Radhika Gupta: By the way, mujhe lagta hai Gen Z investors ghabrate nahi hai. For them, even doing smallcap mutual fund is not aggressive. But I met more and more Gen Z investors who are borrowing to do F&O and doing crazy stuff in the SME IPO world. So, I do not think mutual fund is very-very aggressive for them. But my learning to anyone who is a new investor is, look, a correction is a feature of equity investing. It is not a bug that has happened in equity.
So, ride on, just use this time to reflect on what your actual risk appetite is, because nobody learns their risk appetite in an upmarket, you learn your risk appetite in a downmarket.
So, do not do anything. Do not get panicked by seeing the red and use this time to reflect, that is it. And I think Gen Z has a lot of risk appetite.
We underestimate the risk appetite of this generation. People in India who were born after 2000 are born into an India of abundance, of startup India, they have a lot of risk appetite.
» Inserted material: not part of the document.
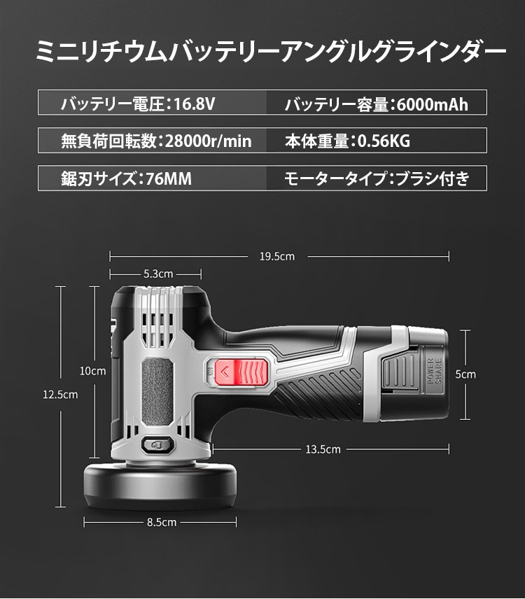 高性能リチウムバッテリー搭載アングルグラインダー

What else could be a theme after the market selloff where you think there is additional alpha, like fund managers say alpha, I like that word always, it is a Greek word alpha, alpha can be generated in someone’s portfolio.
Radhika Gupta: So, in financials, the winds are changing. And even though I come from capital markets, over the last few years lenders, especially banks have been a little bit of the underdogs and a lot of flow has gone into capital market oriented companies, exchanges, brokers, etc.
If you see the winds of the market change, I think banks, private sector banks, lenders would be the underdogs. So, we have been adding to that in the fund. So, now they are looked at as a value play, the fact is quality of balance sheet continues to be very good and you have a potential red cut coming your way. So, lenders is the next big one.